● **PROBLEM TO SOLVE**
Begin at the line below that has "of IMPERFORATED sheets.". Stop after the line that has "8 person double", repeating each line exactly and leaving out the pictures.

● **LISTED ENTRIES**
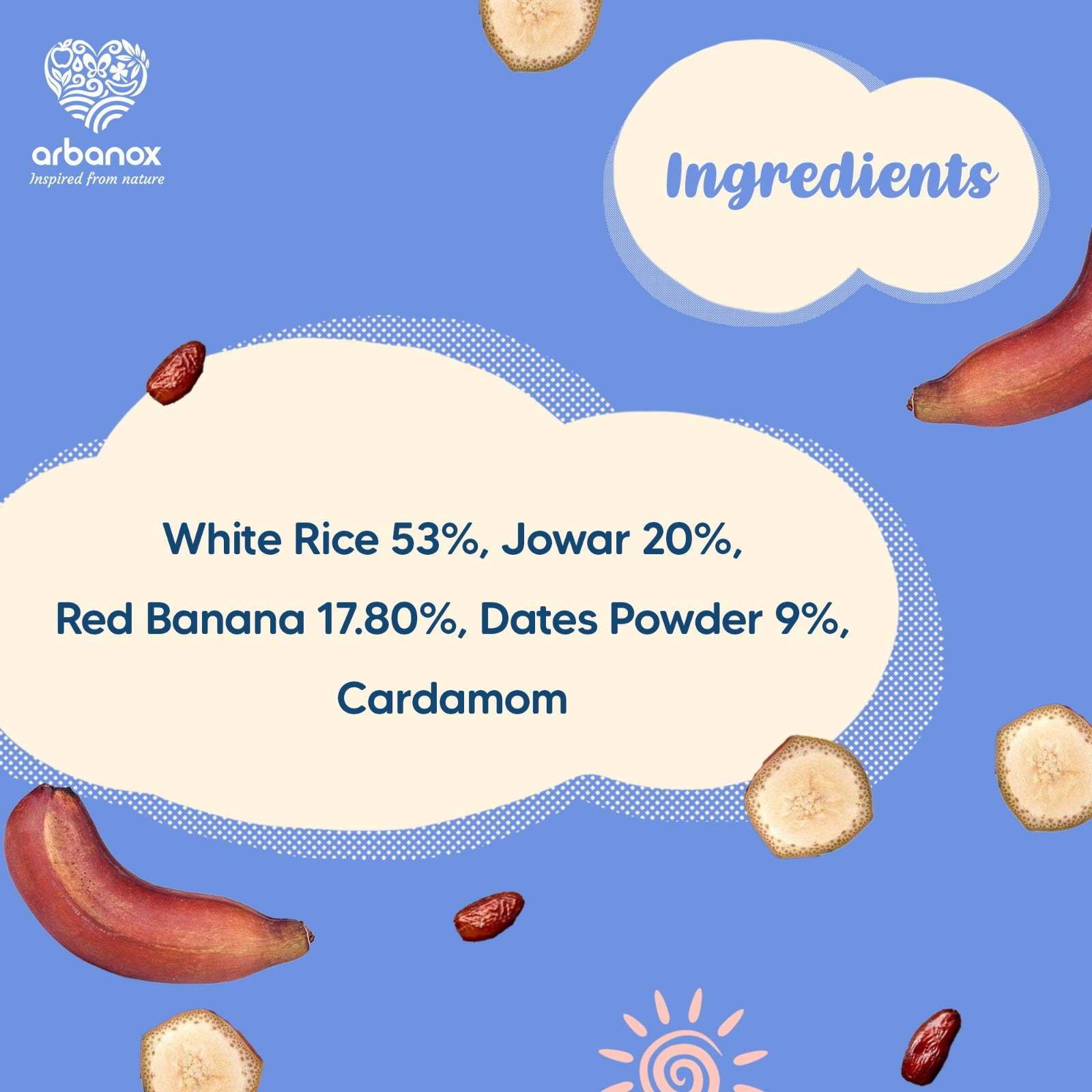 Looking for a healthy and nutritious meal for your little one? Introducing Arbanox Babyvita’s Red Banana Dates Rice to your child’s daily diet is a great way to support his/her early growth and development. This age-old Grandma’s recipe is a traditional blend of red bananas, dates, and rice that makes for a scrumptious and wholesome diet that can be prepared in a matter of minutes.
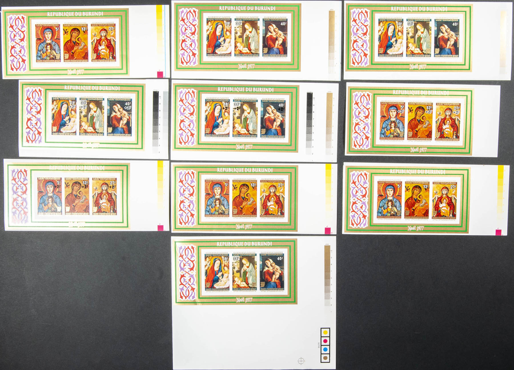 ★★Yvert B101/02. 1977. Christmas. Souvenir sheet. Group of IMPERFORATED sheets.
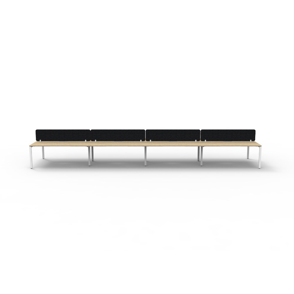 8 person double sided workstation with Natural Oak top and White Satin frame, Black Eco screen.
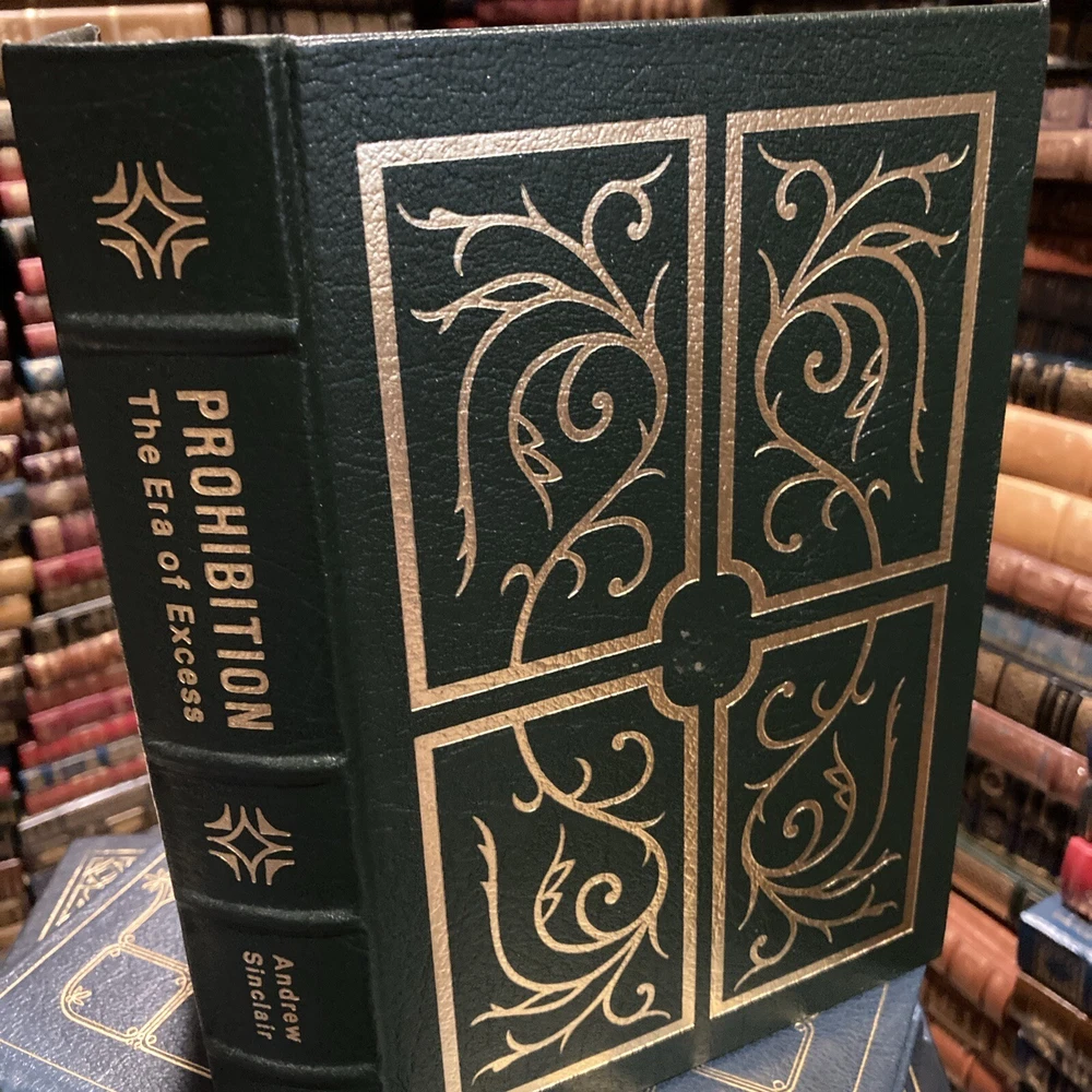 This Easton Press edition of *The Era of Prohibition* is a stunning collector's piece. The hunter green leather binding, gold gilt edges, and satin marker give it a luxurious feel. Despite a minor crimp on the title pages, the book remains in excellent condition. Sinclair's insightful history of Prohibition comes alive in this beautifully crafted volume—a must-have for history enthusiasts and bibliophiles alike. The included collector's notes add extra value to this already impressive edition.
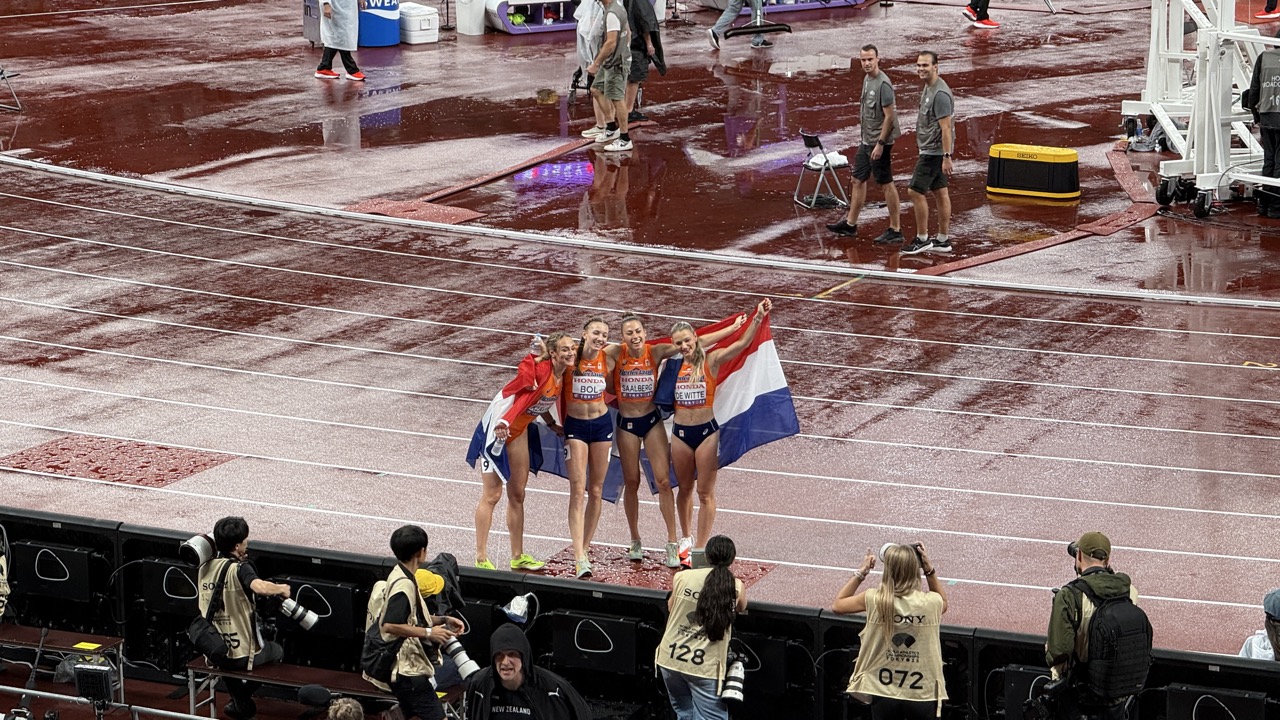 女子400mリレー決勝で3位でフィニッシュしたチーム・オランダ。

● **ANSWER TO THIS PROBLEM**
 ★★Yvert B101/02. 1977. Christmas. Souvenir sheet. Group of IMPERFORATED sheets.
 8 person double sided workstation with Natural Oak top and White Satin frame, Black Eco screen.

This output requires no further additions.